My Experience Building No-Code AI Workflows From Zero
I have no programming background. Zero. When I first opened Make.com about six months ago, the interface looked intimidating. Modules, scenarios, routes, filters — it felt like a foreign language. But I watched one 20-minute YouTube tutorial, and something clicked. The visual builder is actually intuitive once you understand the basic concept: data flows from left to right, one step at a time.
My first workflow took about 3 hours to build — the blog-to-social one. Most of that time was figuring out the Claude API setup (which headers to include, how to format the request body). Once I had one working API call, copying it for other workflows took about 5 minutes each. The hard part is done once.

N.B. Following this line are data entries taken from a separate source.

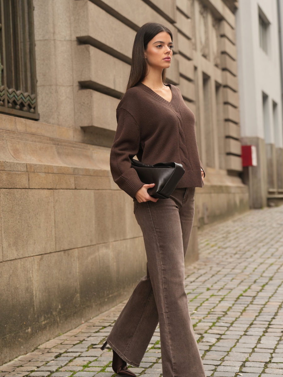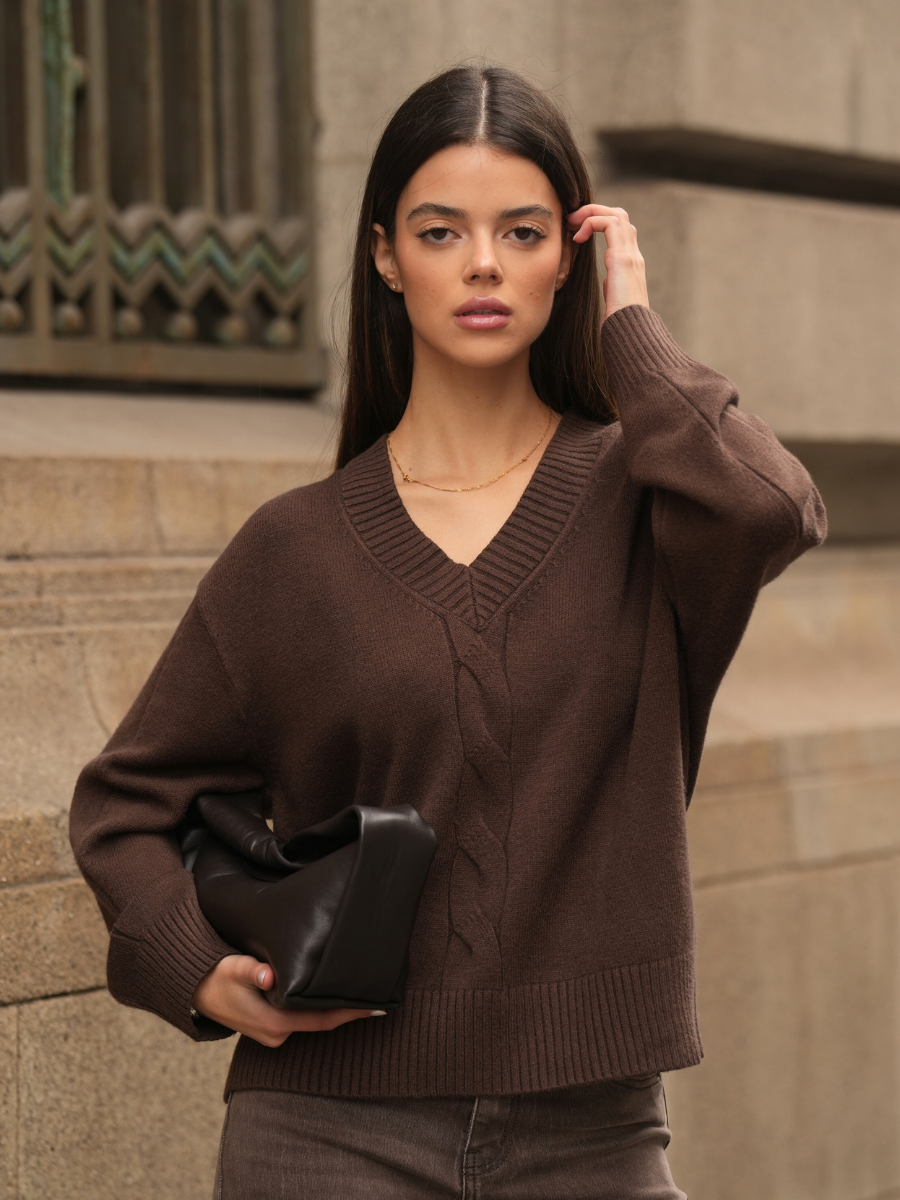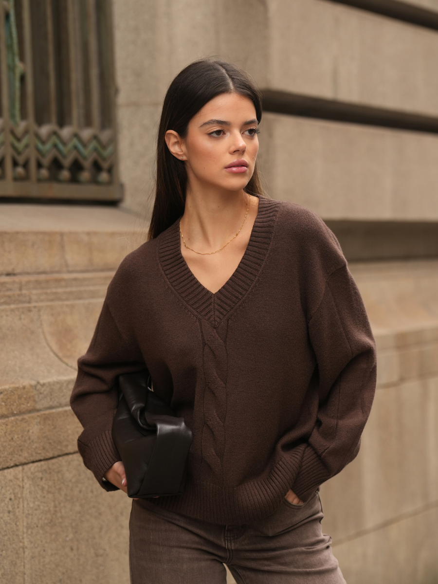 Com um design envolvente e elegante, esta camisola oversized em tom castanho escuro destaca-se pela gola larga e estrutura suave ao toque. O corte reto tornam-na perfeita para sobrepor com camisas ou usar sozinha nos dias frios.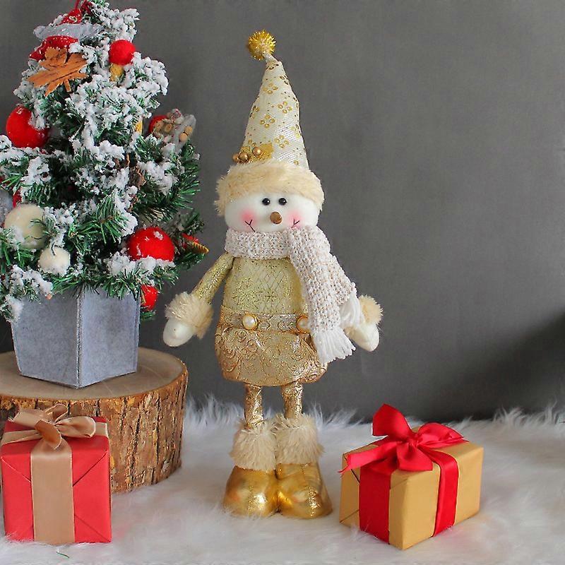 Large Christmas Elk Snowman Retractable Decoration, Large Standing Handmade Plush Doll with Legs Christmas Ornament Home Holiday Decoration, Handmade
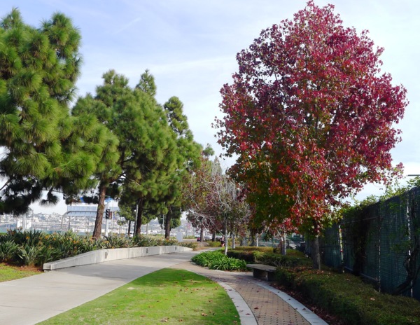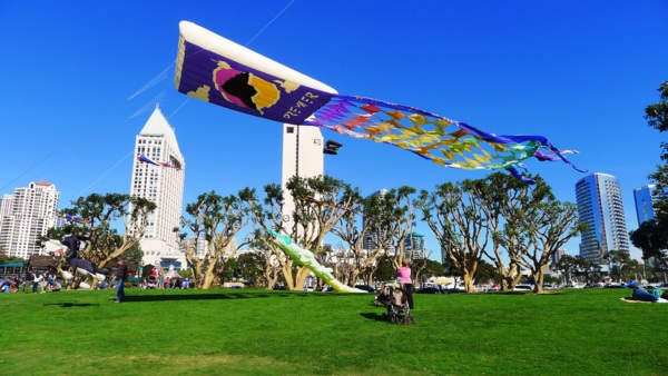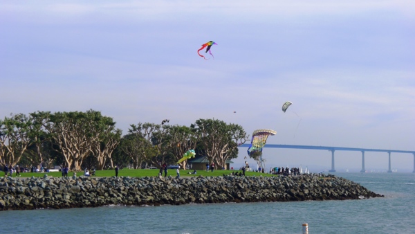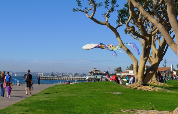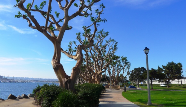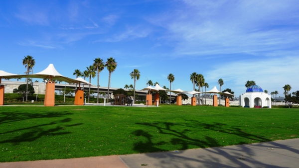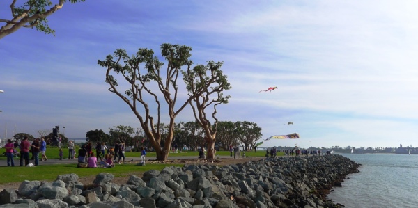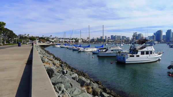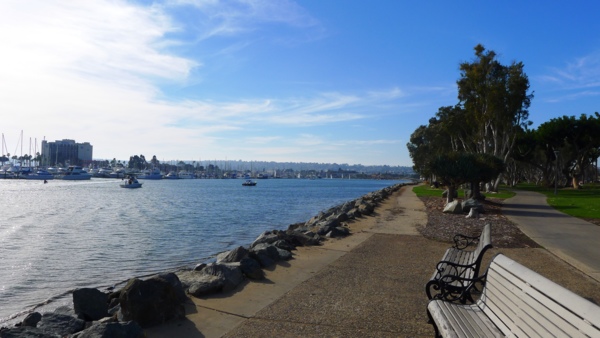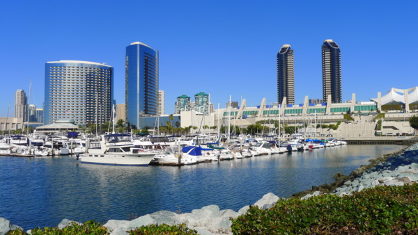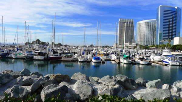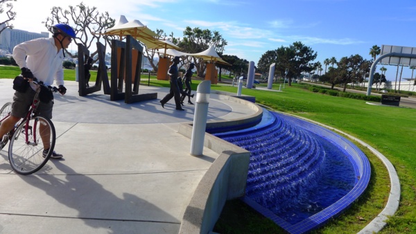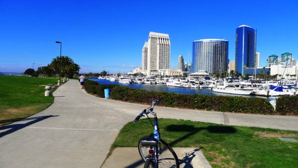 只 要天氣清朗,所有的港灣看起來都是很美的。聖地牙哥灣也不例外,尤其這𥚃綠樹成茵,草坪翠綠,每年聖地牙哥夏日戶外音樂會San Diego Pop就在這兒舉辦。白船靠港,水天一色藍上加藍,背後的摩天高樓輝映出港灣的現代都會氣派,這個灣是南加卅第一大灣,又稱為大灣,因是熱門旅遊渡假區, 規劃得整潔有序,景區分佈在不同處,分散開了人潮。某些人潮區禁騎腳踏車進入,只能用牽的穿越。

The moment it really clicked: I published a blog post at 2 PM on a Tuesday. By 2:10 PM, a customized LinkedIn post, a Twitter thread, and an email newsletter draft were all live — without me touching anything. I just sat there watching the notifications roll in. That feeling of “the system is working while I’m not” is addictive in the best way.
After six months, I run 7 active workflows. They save me roughly 12 hours per week combined. My total cost is $14/month (Make.com Core plan + Claude API usage). The ROI is absurd — even if each hour I save is worth just $25, that’s $300/month of value for $14 in costs. And honestly? The hours I save are worth more than $25 because they’re the high-friction, soul-draining tasks that used to make me procrastinate on everything else.
If you’re running a solo business and haven’t built a single no-code AI workflow yet, start this weekend. Pick the task you hate most, build a workflow for it, and watch your week change. You’ll wonder why you waited so long.
Frequently Asked Questions
What is a no-code AI workflow?
A no-code AI workflow is an automated sequence of steps that combines traditional automation (connecting apps, triggering actions) with AI intelligence (writing, analyzing, deciding). It’s built using visual tools like Make.com or Zapier — no programming required. The AI component, powered by tools like Claude or ChatGPT, adds reasoning and content generation to otherwise simple rule-based automations.
Do I need technical skills to build workflows with Make.com?
No. Make.com uses a visual drag-and-drop builder where you connect modules on a canvas. If you can use a spreadsheet or a simple form builder, you can use Make.com. The only slightly technical part is setting up the Claude API connection, which involves copying an API key and pasting a URL — a one-time step that takes about 10 minutes with a tutorial.
How much does it cost to run no-code AI workflows?
Make.com’s free tier includes 1,000 operations per month — enough for testing. The Core plan at $9/month covers most solo businesses. Claude API costs are usage-based, typically $2-5/month for the volumes most solopreneurs run. Total cost for a complete no-code AI workflow setup: about $11-14/month.
Is Make.com better than Zapier for AI workflows?
For most solo founders, yes. Make.com offers more visual control over complex workflows, better pricing for high-volume automations, and more flexibility with HTTP modules for API calls. Zapier is slightly easier for very simple workflows (2-3 steps), but Make.com scales better as your automations grow more complex. Both support AI integrations through API calls.